Monday, September 26, 2005

Journal: Next, please.

So long, Cymbalta, and don't let the door hit you in the butt on the way out. Hello, Zonegran.

A few months back, I saw a neurologist at the pain clinic. My regular neurologist had suggested the pain clinic might have more success in dealing with the burning pain in my legs. After a really good visit with the pain clinic neuro, I started on Cymbalta, which is an antidepressant that works on both serotonin and norepinephrine. Almost immediately, I started having increased bladder trouble: harder to go during the daytime, then either having to pee or having to change the bed pad like half a dozen times every nite. (This is kind of odd because Cymbalta is sometimes used off-label to treat stress urinary incontinence.) After a while I noticed an improvement in the pain and in my mood, but I started to feel pretty sleep deprived.

Eventually, it became clear that on balance Cymbalta was not helping me. I called the pain clinic to let them know that I wanted to stop. The message I got back on a Friday was OK, fine, but you should probably taper off rather than quit cold turkey, to avoid withdrawal. Tapering required picking up some low-strength pills at the pharmacy, but I didn't bother to pick them up until Monday, by which time I'd realized that, yes, one should not quit Cymbalta cold turkey. Suffice it to say that Cymbalta withdrawal makes one a real asshole. Taking the low-strength pill on Monday morning restored me to my usual self.

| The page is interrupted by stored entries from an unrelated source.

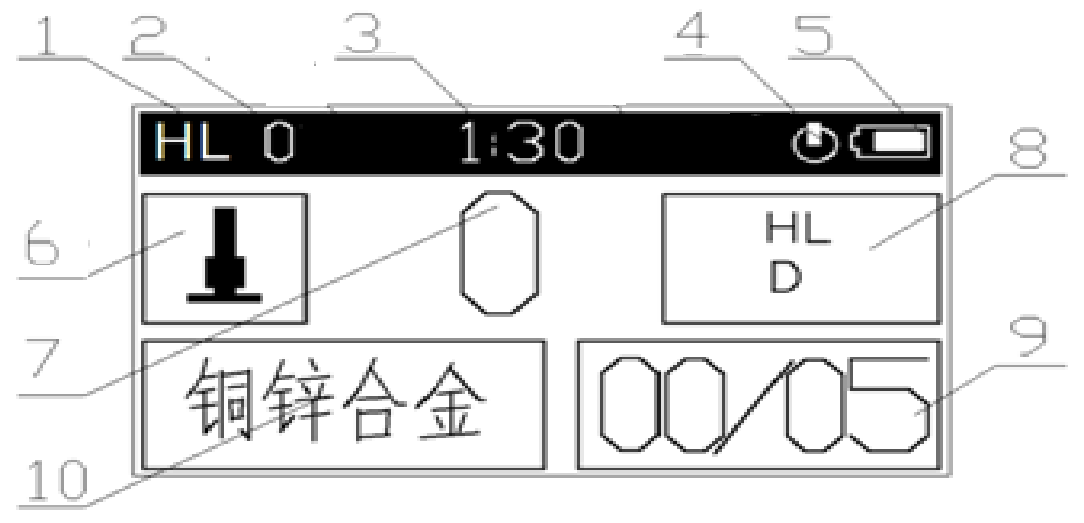 • 通过按键选择测试材料、硬度制式、测试方向及测试次数;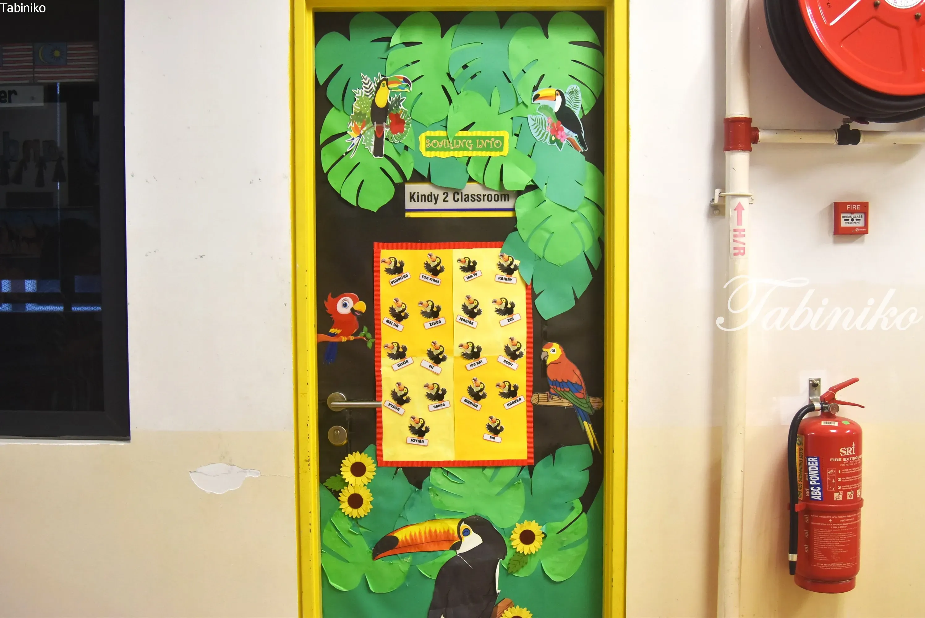 每個教室的門和牆壁都有裝飾,以指示課程的科目。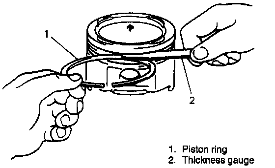Fit new piston ring into piston groove, and measure clearance between ring and ring land by using thickness gauge.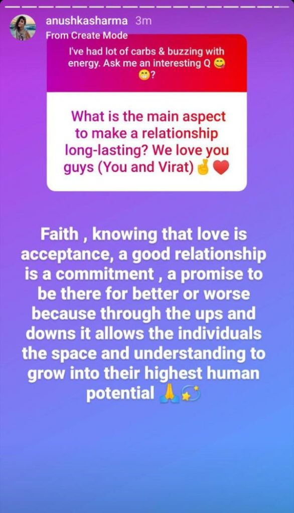 “Pari” film actress Anushka Sharma shared her view on the long-lasting relationships during an interactive session on Instagram. Let’s check out.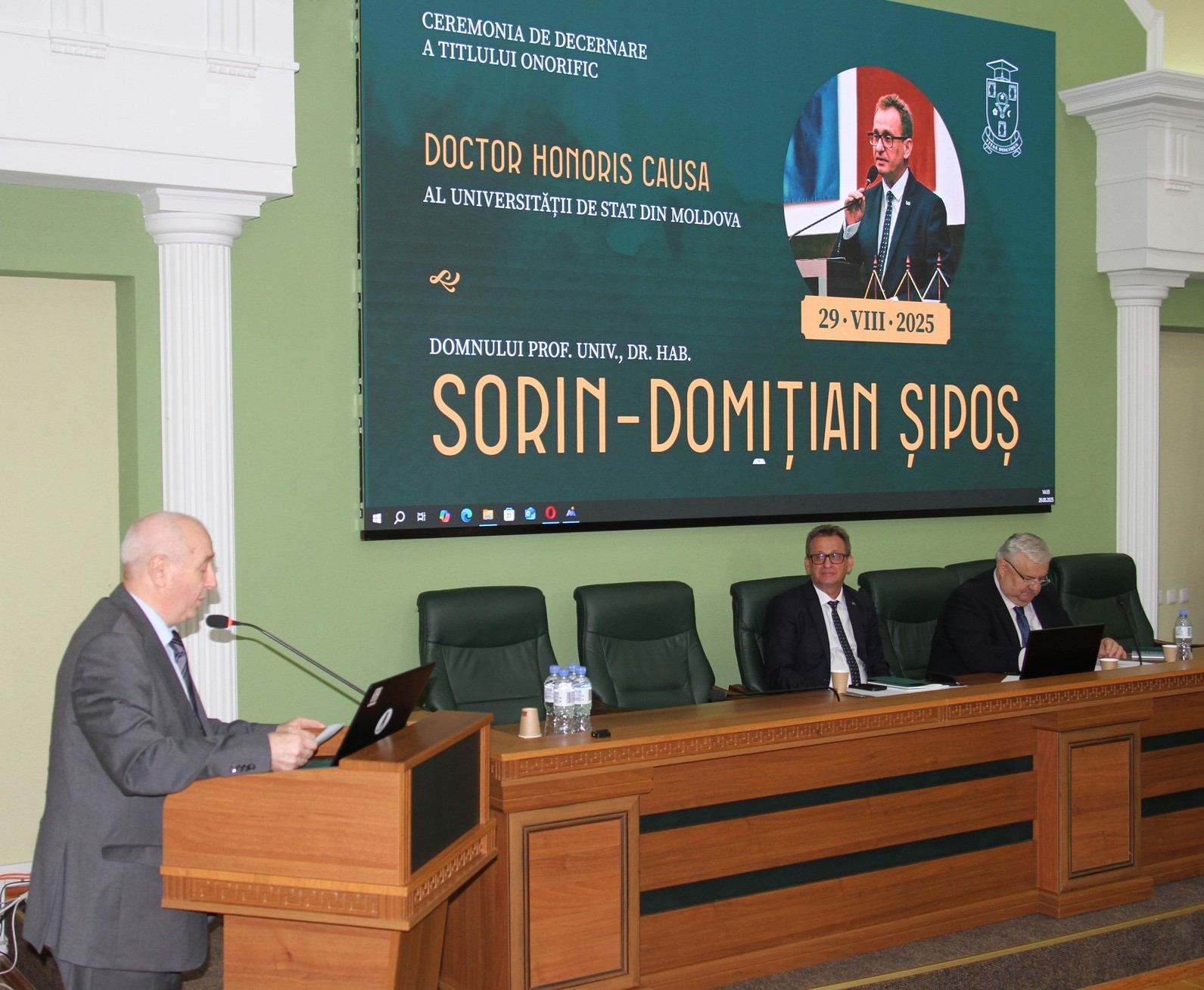 Evenimentul festiv a fost deschis de rectorul USM, prof. univ. dr. Igor Șarov, care a evidențiat meritele academice și rolul marcant al profesorului Sorin Șipoș în dezvoltarea istoriografiei și culturii românești contemporane.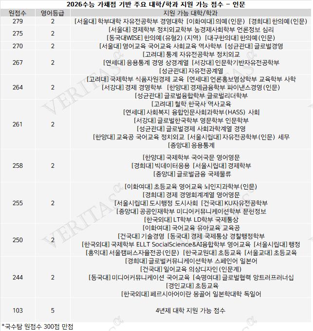 2. 인문계열: 점수대별 지원 가능 대학/학과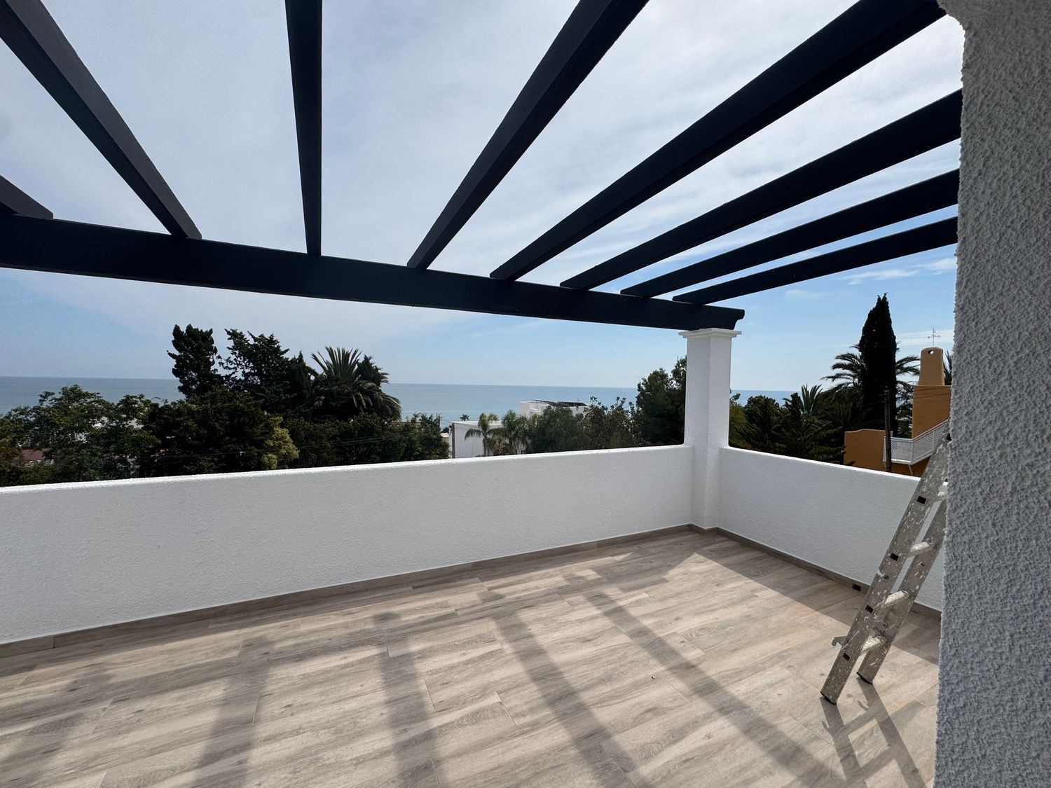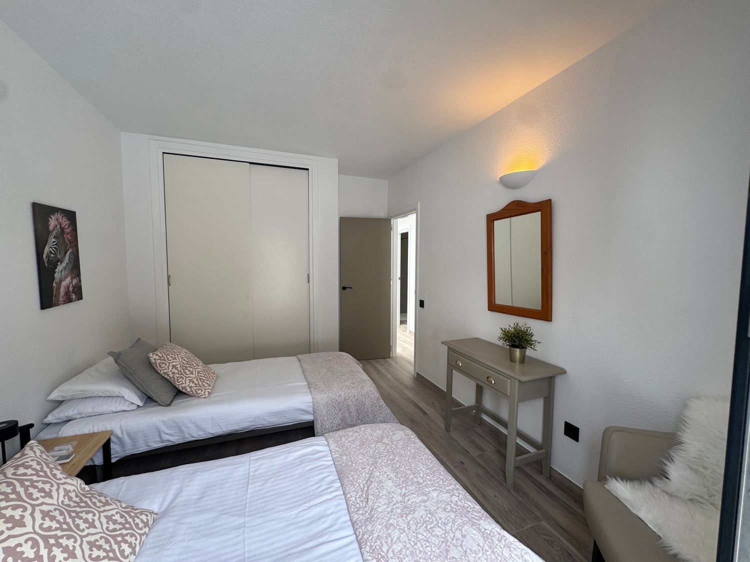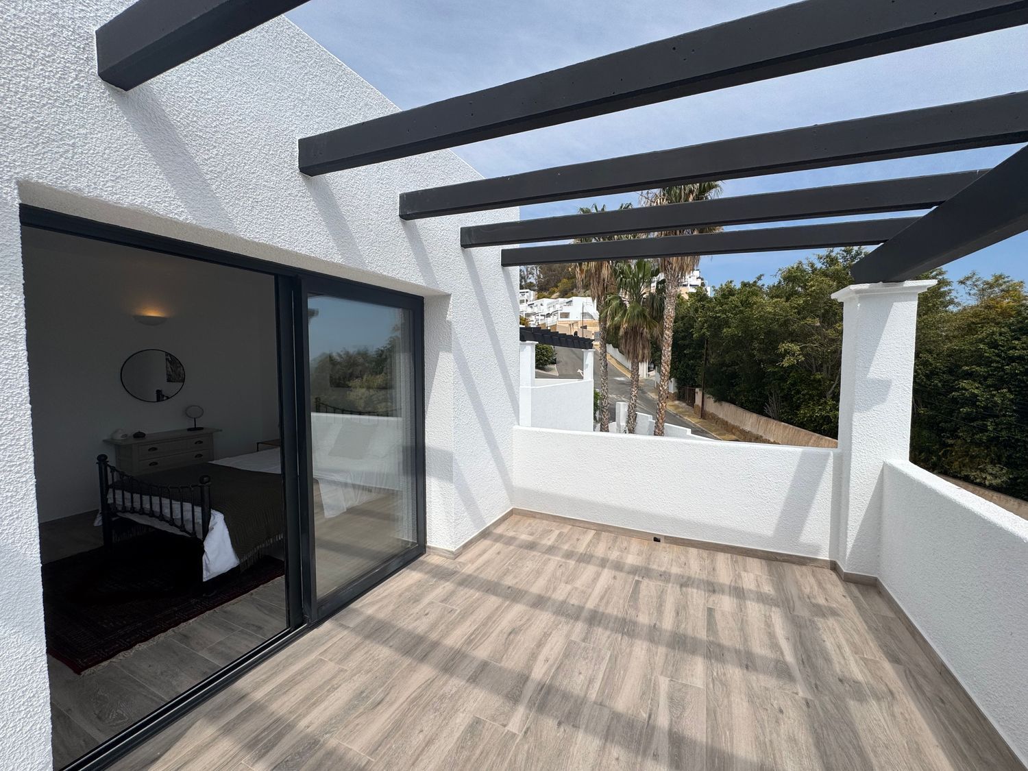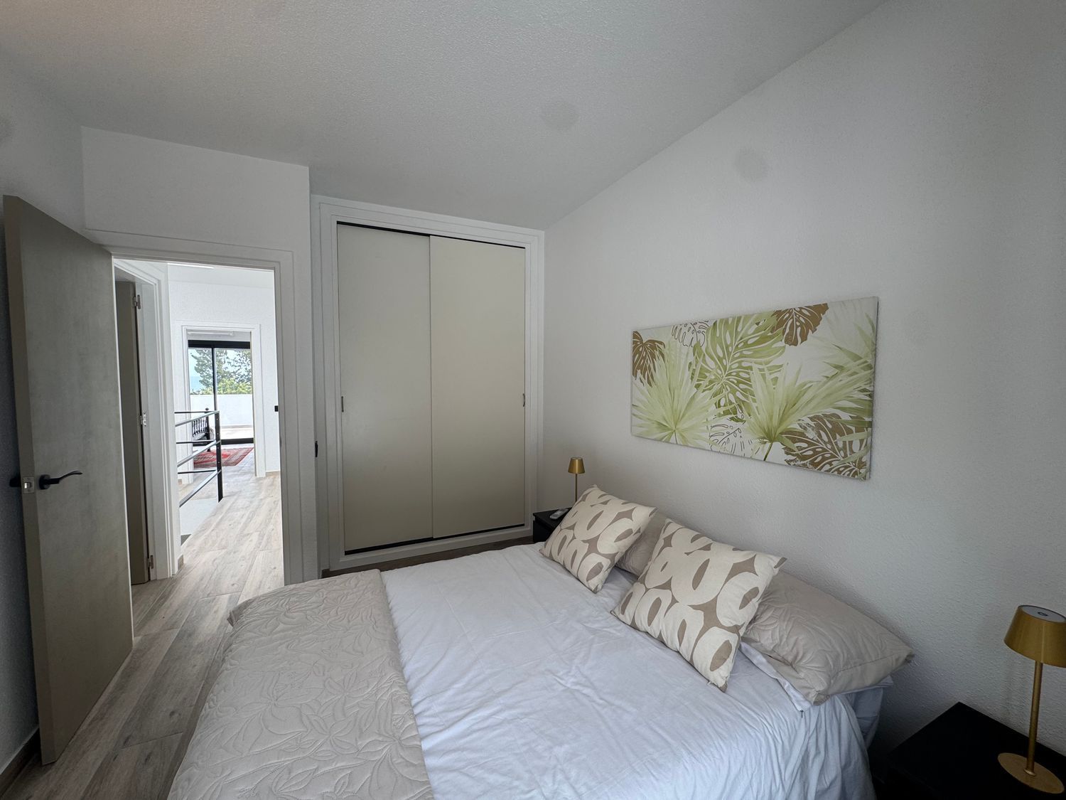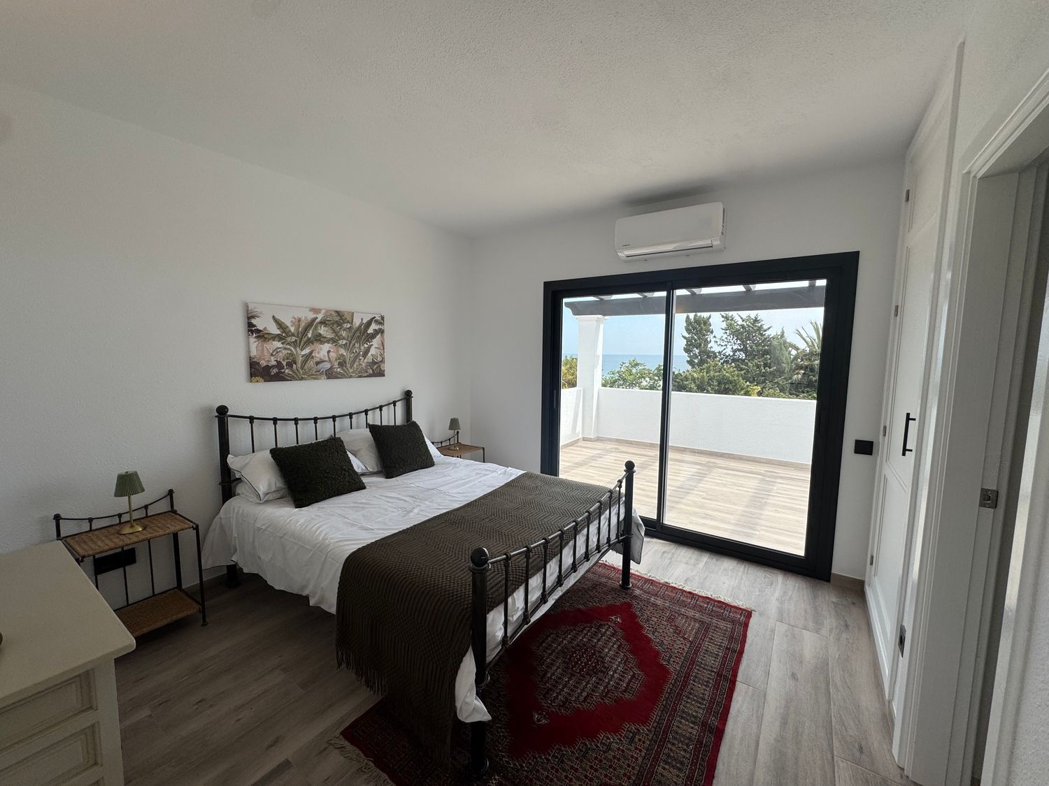 El dormitorio principal cuenta con acceso directo a una terraza privada, un espacio íntimo perfecto para comenzar el día con tranquilidad o relajarse al final de la jornada mientras se disfruta del entorno costero. Los otros dos dormitorios disponen de elegantes balcones franceses, que aportan encanto y refuerzan la conexión entre el interior de la vivienda y el paisaje exterior.

Now, I'm starting an anti-seizure drug called Zonegran. This is on top of the 3000 daily mgs of Neurontin that I'm already taking. Zonegran's got side effects similar to those of Neurontin (makes me a bit sleeeeeepy, slightly stooooopid), so we'll see what happens. I'm tapering up to a full dose of 200 mg by ramping up 25 mg per week, meaning I won't be at full dose for a couple months. Wish I didn't have to wait that long. And I remain concerned that effective pain treatment will leave me too dopey to keep doing my geeky, thought-intensive job.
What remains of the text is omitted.